--- Work order ---
Give again, unaltered, the lines of the listing below that run from the line having "A minimal and" through the line having "Sourced from the".

--- Records for the task ---
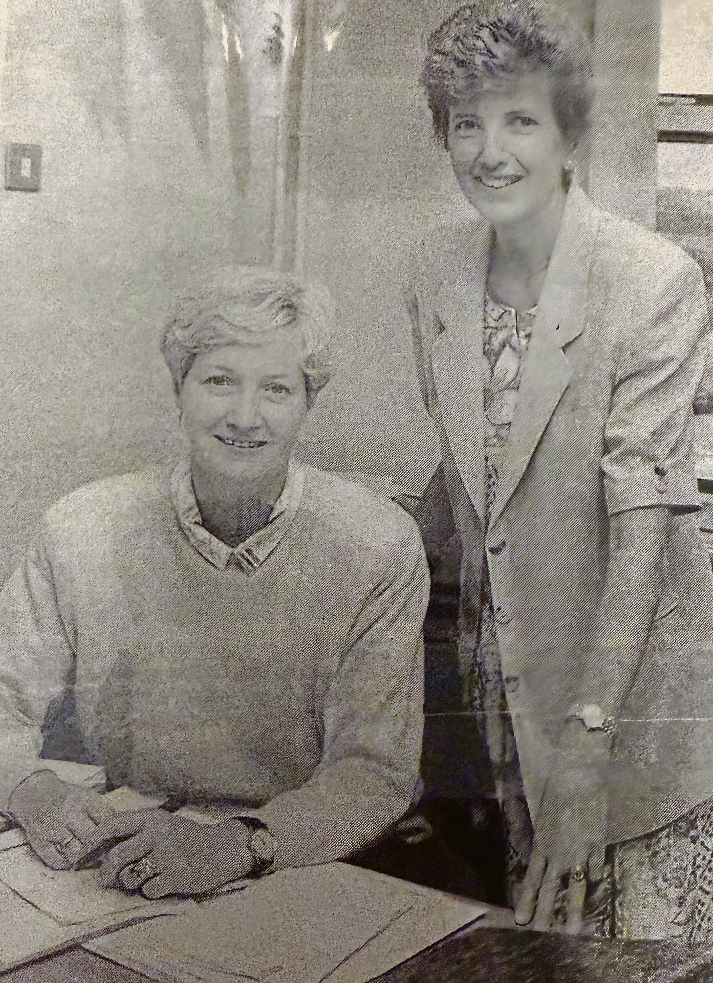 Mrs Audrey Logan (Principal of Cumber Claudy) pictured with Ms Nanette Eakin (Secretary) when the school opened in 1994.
...
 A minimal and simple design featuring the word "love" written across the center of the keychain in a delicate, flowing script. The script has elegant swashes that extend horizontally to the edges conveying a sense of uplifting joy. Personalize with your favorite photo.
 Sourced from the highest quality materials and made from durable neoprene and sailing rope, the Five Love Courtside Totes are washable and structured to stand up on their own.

--- Task response ---
 A minimal and simple design featuring the word "love" written across the center of the keychain in a delicate, flowing script. The script has elegant swashes that extend horizontally to the edges conveying a sense of uplifting joy. Personalize with your favorite photo.
 Sourced from the highest quality materials and made from durable neoprene and sailing rope, the Five Love Courtside Totes are washable and structured to stand up on their own.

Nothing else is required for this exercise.